[adapted from What You Take to Heaven]
If, in life, you reach who you really are, at the end of life -- at the conclusion of this earthly journey -- everything will fall into place. The first person you will meet upon dying will be your true self.
"This means to grow towards the Glory to come and the beauty which is destined for us," noted a religious named Sister Emmanuel, who penned the book on Maria Simma, the mystic who saw souls.
"Each minute, we can still grow in love, but the souls in purgatory can no longer grow. Even the angels envy us this power we have to grow each minute in love while we are on earth. Each little act of love we offer to the Lord, each little sacrifice or fast, each little privation or battle against our tendencies, our faults, each little forgiveness of our enemies, all the things we can offer of this sort, will be later for us an ornament, a jewel, a real treasure for eternity.
"So let us seize every opportunity to be as beautiful as God desires us to be already in His prescience. If we saw in its full light the splendor of a pure soul, of a soul purified, then we would cry for joy and wonder, because of its beauty!
"A human soul is something of great splendor before God; this is why God desires us to be perfectly pure. It is not by being faultless in our ways that we will become pure. No, it is through our repentance of our sins, and our humility. You see, it's quite different! The saints are not 'faultless' souls, but those who get up again and again each time they fall, and ask forgiveness."
What do we take to Heaven?

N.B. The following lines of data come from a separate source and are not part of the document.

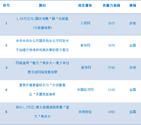 新华网炫知传播力分析系统显示,今日互联网传播力前五名分别是: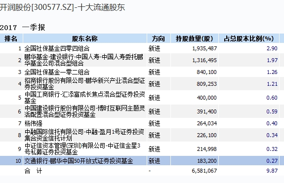 其中,开润股份一季度前十大流通股东中,三类机构占据了9席,分别为社保基金、公募基金、私募基金。持股比例占总股本的9.47%。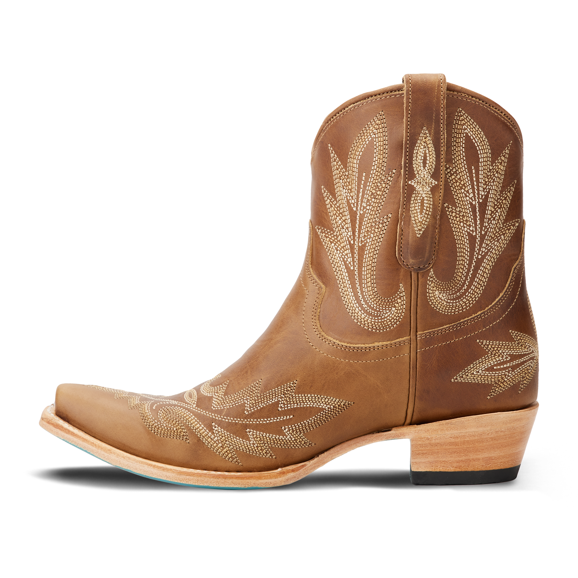 Heirloom quality ankle boots with a western influence. The classic snip toe profile is embroidered to perfection with a twist on traditional flame stitch in bootie form. She's short, sweet, and just the right height to pair well with your wardrobe.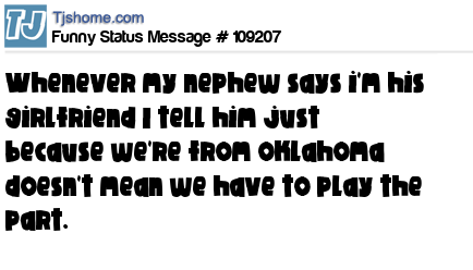 X says whenever my nephew says i'm his girlfriend I tell him just because we're from oklahoma doesn't mean we have to play the part.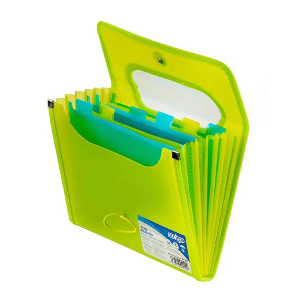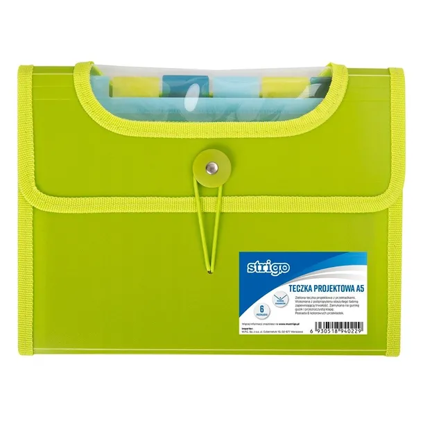 ✅Zielona teczka VFILE STRIGO w formacie A5 posiada 6 kolorowych przekładek z indeksem i miejsce na wsunięcie np.: karteczki z informacją.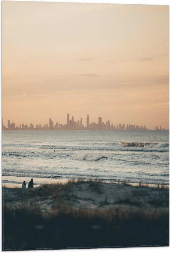 WallClassics - Drapeau - Personnes marchant le long de la plage - Photo 50x75 cm sur drapeau en polyester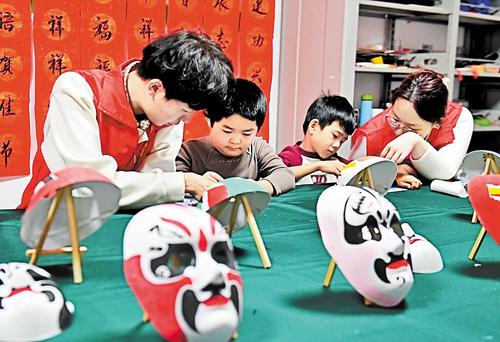 1月28日,团大城县委组织返乡大学生参与公益托管活动。图为志愿者在津保东路社区指导小朋友绘制脸谱。 刘亮摄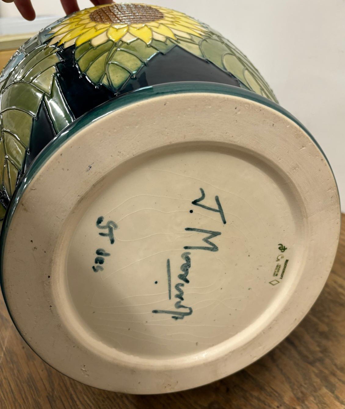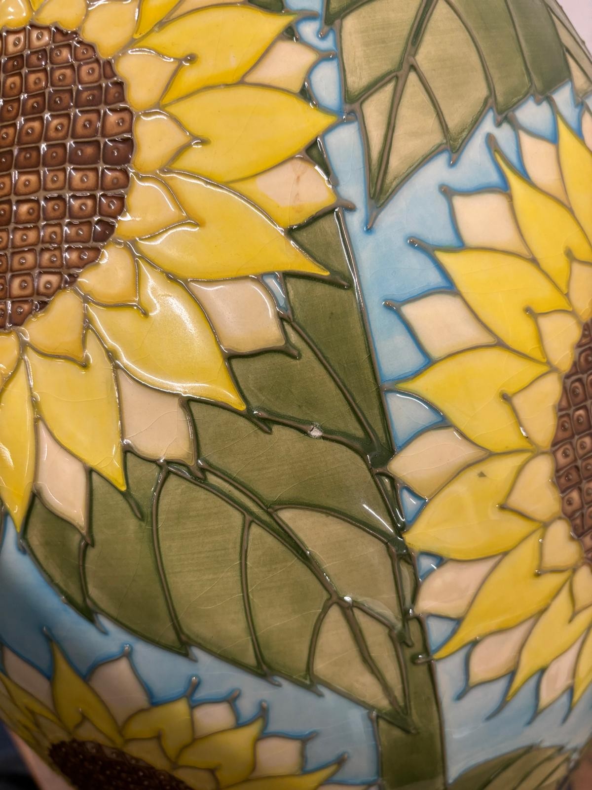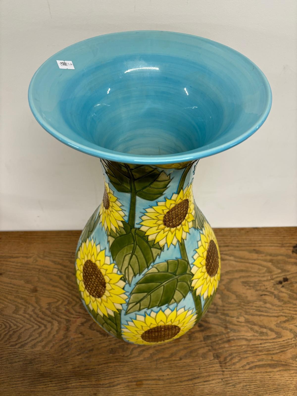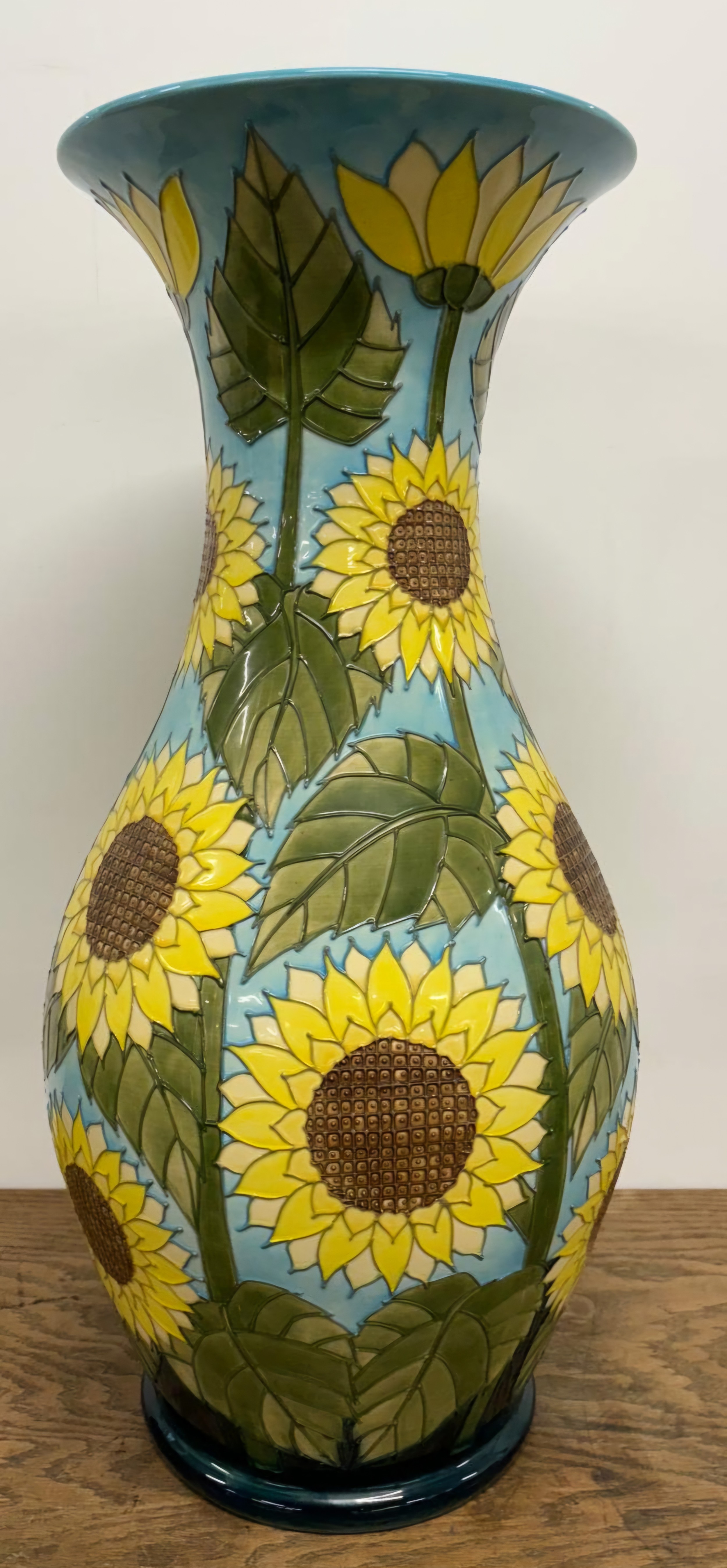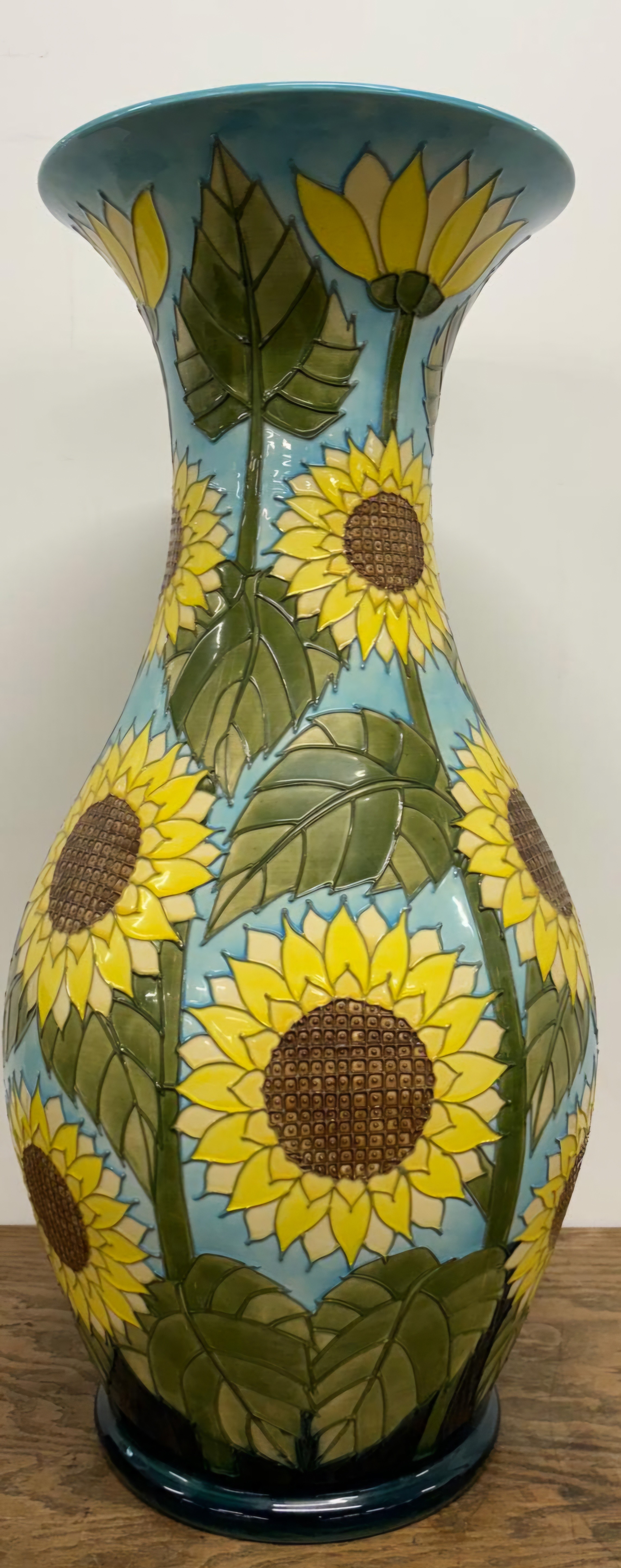 Large and impressive Moorcroft sunflowers pattern vase, Signed J Moorcroft. [Small Chip to tube line work- see images] [67.5cm high]

We take our effort with us. We take our life lessons with us into the afterlife. We bring knowledge. We take what we learned from what we did right and what we learned from what we did wrong. We will bring through the tunnel a bushel full of efforts.
Little efforts, big efforts. "Little" matters to God. You are walking somewhere. You see litter. It's not your litter. But you pick it up because it is in a wooded area and it is sullying His Creation.
That intent, and that effort, mean something -- perhaps even much -- to Him.
You spend time in prayer each day clicking off everyone you know who needs help, and ask God for help for them.
Did you ever realize that when you're distressed, when things are dark, when you are filled with worry and concern, perhaps stark fear, that praying for others in need brings peace to the situation?
We are what we pray for but also who we pray for.
Seek perfect compassion.
This is very important.
Always look at a person or situation from the aspect of how you can pray to better a person.
"Providence puts enough difficulties in our lives, trials, suffering, sickness, hardships -- so that all these purifications, if we accept them, may be enough to bring us straight to Heaven," said the good sister.
How can we get sad or mad (or frustrated) when such things are tickets to the eternal?
"We can really say that love, humility, and abandonment to God are the three golden keys to going directly to Heaven," she added.
At Kibeho in Rwanda the Blessed Mother said, "What are you waiting for? You spend your time indulging yourselves in worldly pleasure, whereas eternal happiness belongs to the one who has known suffering, accepted it, and offered it up to the Lord."
She also said, "Travelers! Why look back? What have you left behind? Take your luggage now because the remaining road is short. Look forward because happiness lies in front of you."
Faith from the heart gives perfection.